Bydgoscy chuligani mają w Janikowie fanklub, dlatego pojawili się na meczu. W 60. minucie na czas rozróby sędzia przerwał spotkanie. - Jeszcze wtedy się wahaliśmy czy rozegramy mecz. Wiedzieliśmy jednak, że kibice Zawiszy są w drodze i jeśli spotkanie nie odbędzie się, to chuligani wyjdą na ulice - opowiada Eugeniusz Perliński, prezes Sparty.

Spotkanie zabezpieczali miejscowi policjanci we współpracy z funkcjonariuszami komendy wojewódzkiej. O 14.00, na godzinę przed meczem, w Brodnicy pojawiło się kilkanaście okratowanych policyjnych busów oraz jedna armatka wodna, druga została w Toruniu. Chuligani do Brodnicy przyjechali w sile 370 osób: dwa autokary, 1 bus oraz 56 aut osobowych (dane kibiców).

Na stadion byli wpuszczani tylną bramą, tuż za boiskiem treningowym. Przy wejściu ochroniarze żądali biletów i wpuszczali kibiców pojedynczo. Nie spodobało się to chuliganom, dlatego wdali się w bójkę z ochroniarzami i policjantami.

W stronę funkcjonariuszy poleciały kije i kamienie, a ochroniarzami zajęli się delikwenci, którzy zdążyli sforsować ogrodzenie.

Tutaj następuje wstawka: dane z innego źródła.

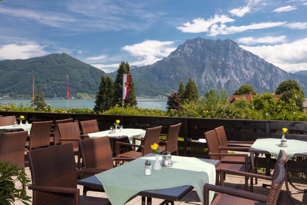 Das Hotel Altmünsterhof bietet ein Frühstücksbuffet. Das Frühstück können Sie entweder auf der Panoramaterrasse mit Blick auf den Traunsee oder im gemütlichen Altmünsterhof-Stüberl genießen.

W końcu ochroniarze uciekli na trybuny, pozwalając wszystkim zawiszanom wejść na stadion.

Mimo próśb swoich piłkarzy o spokojne zachowanie pseudokibice z Bydgoszczy przegrupowali się na trybunach i ruszyli w stronę kordonu ochroniarzy, oddzielających sektor gości od gospodarzy.

Ochrona uciekała tuż za kibicami miejscowych. Tymczasem zawiszanie tłukli każdego młodego, który nawinął im się pod rękę. Nie ruszali starszych kibiców, którzy ostentacyjnie pozostali na swoich miejscach.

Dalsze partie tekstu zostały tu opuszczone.